After Mr Hutchinson had been retrieved from the lean-to and set on his way out of the front door, Mother had taken her aside and said: stupidity is the better part of valour. Doltishness is the best defence. After that, there had been similar visitors; meeting similar fates, if they got in at all. The Welfare, Mother called them. There had been a time when, just to keep them happy, Mother had let her go in a bus once a week to the handicapped class. She sat with other people in a room, four of them round each table.
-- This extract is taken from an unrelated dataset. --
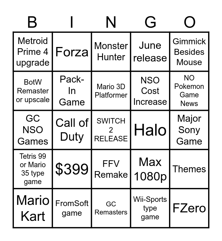 This bingo card has a free space and 24 words: $399, FromSoft game, Mario 3D Platformer, Mario Kart, Gimmick Besides Mouse, Metroid Prime 4 upgrade, BotW Remaster or upscale, Forza, Halo, FFV Remake, NSO Cost Increase, GC NSO Games, Max 1080p, Themes, Pack-In Game, Wii-Sports type game, Major Sony Game, Monster Hunter, NO Pokemon Game News, Call of Duty, FZero, Tetris 99 or Mario 35 type game, June release and GC Remasters.

She cut out shapes in felt and sewed them with great tough stitches onto other felt. She got thin strips of cane and bent them up into baskets; and while she did this she spoke to no one, keeping her lips closed and preserving her eyes behind the thick glasses that the Welfare had got for her. Presently the materials were taken away, and they were given tea and biscuits.